Evidence For Green Tea Mounts

Study found it held off breast cancer in rats

TUESDAY, June 24, 2001 (HealthDayNews) -- A new study adds a tantalizing possibility to green tea's potential cancer-fighting abilities.

Several previous studies have shown the drink helps protect against a variety of cancers, while other studies found it makes no difference.

Now researchers at Boston University say the highly touted tea held off breast cancer in rats.

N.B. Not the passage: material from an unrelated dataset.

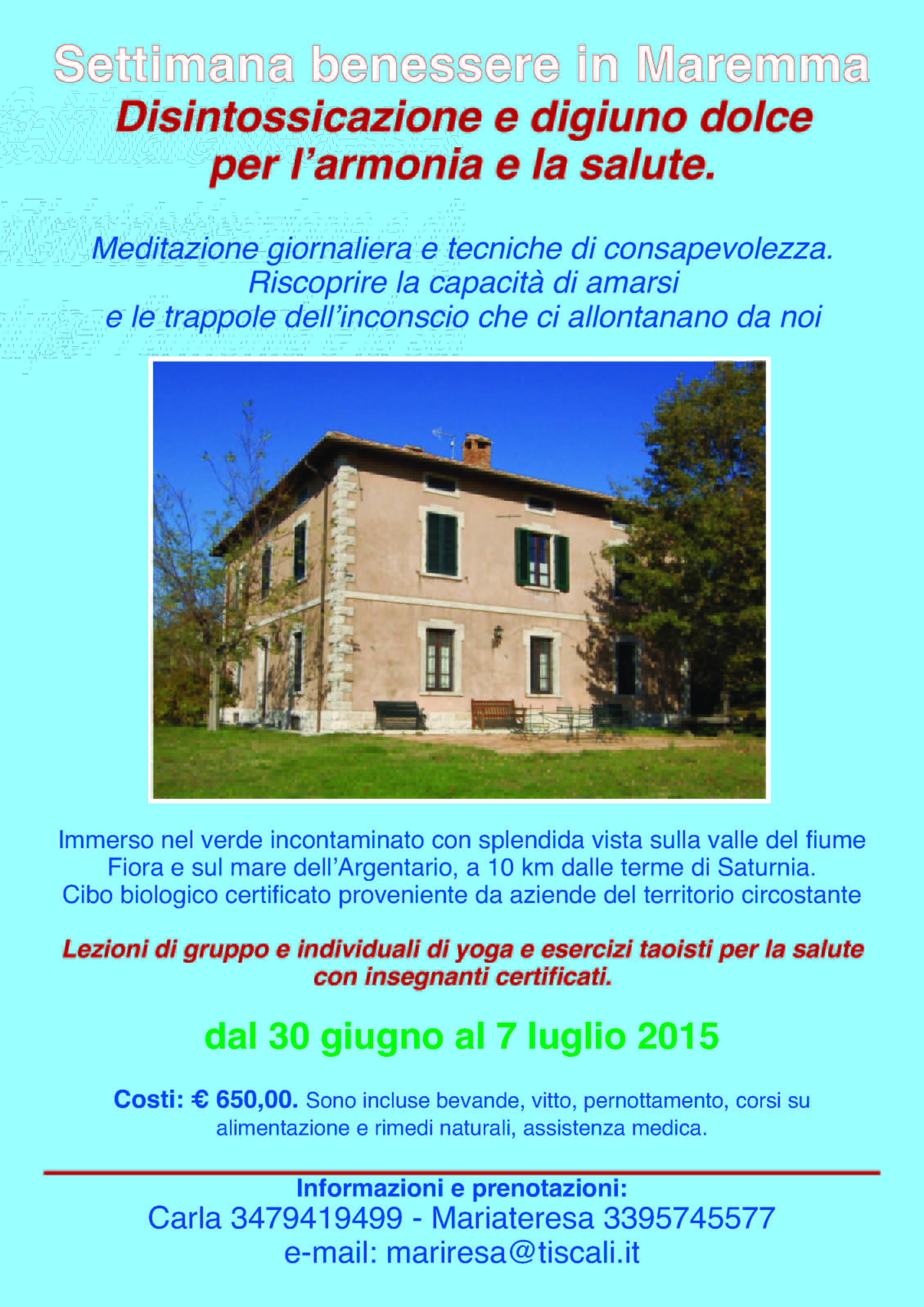 Settimana di digiuno dolce ed esercizi taoisti per ripulire gli organi, in Maremma vicino Saturnia dal 30 giugno al 7 luglio.
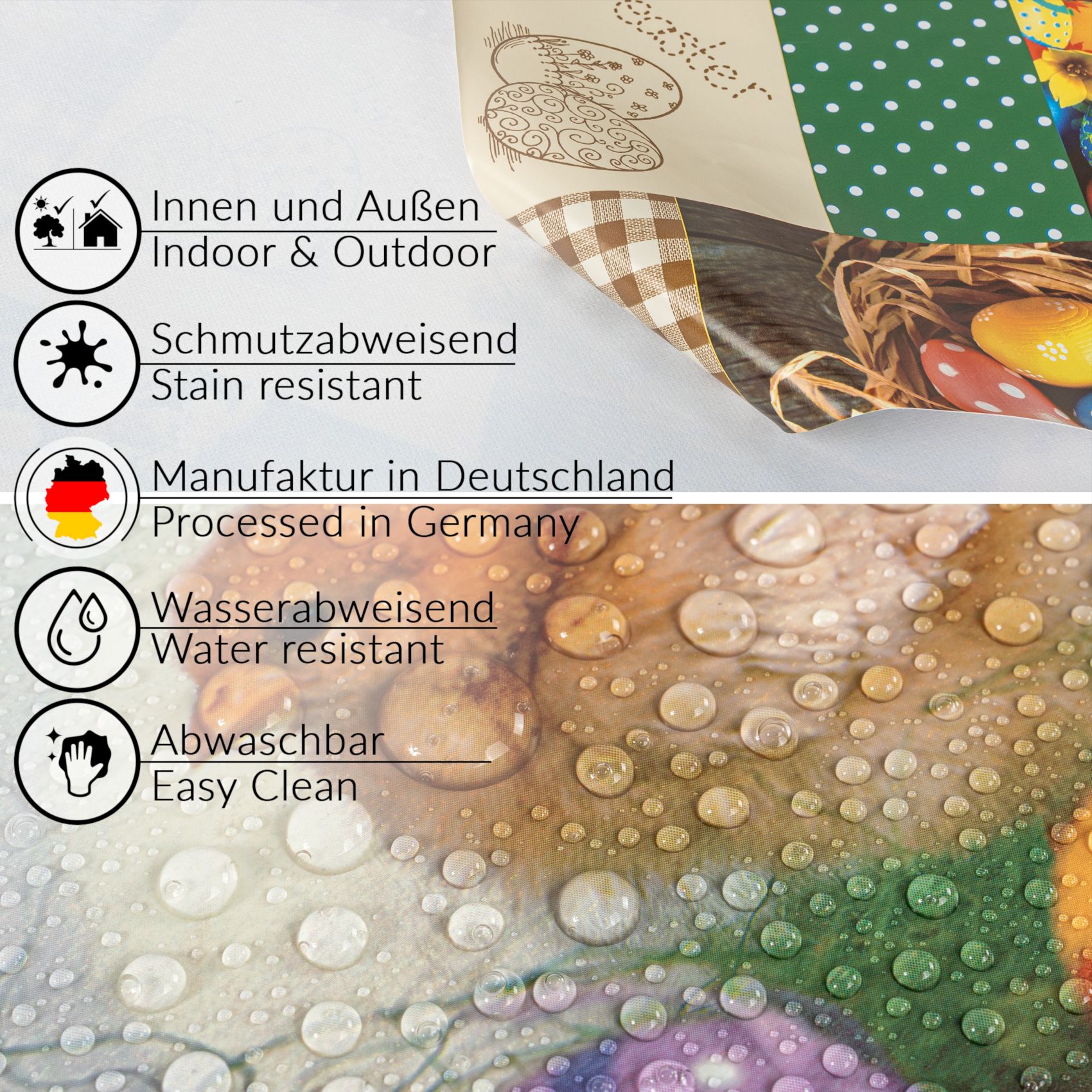 Vorteile der abwaschbaren Tischdecke in Meterware auf einem Blick:

The scientists fed 15 rats green tea, along with a chemical known to induce breast cancer. Compared to 15 other rats that were fed plain water with the chemical, the tea-drinking rats took longer to develop tumors. And the tumors weighed, on average, 70 percent less.

"It was surprising we saw such a dramatic difference," says lead author Gail Sonenshein, a biochemistry professor at Boston University School of Medicine. The study appears in the July issue of the Journal of Cellular Biology.

Sonenshein says it's too early to recommend that women start drinking green tea as a cancer preventive.

"But personally, I drink green tea in the afternoon," she adds. "I don't know yet if it works for prevention, but there is enough research to indicate it does that I drink it."

Green tea is full of molecules called polyphenols, which have inhibited tumor cell growth in animals through their antioxidant activity. Antioxidants protect against cell damage, which can be a precursor to cancer.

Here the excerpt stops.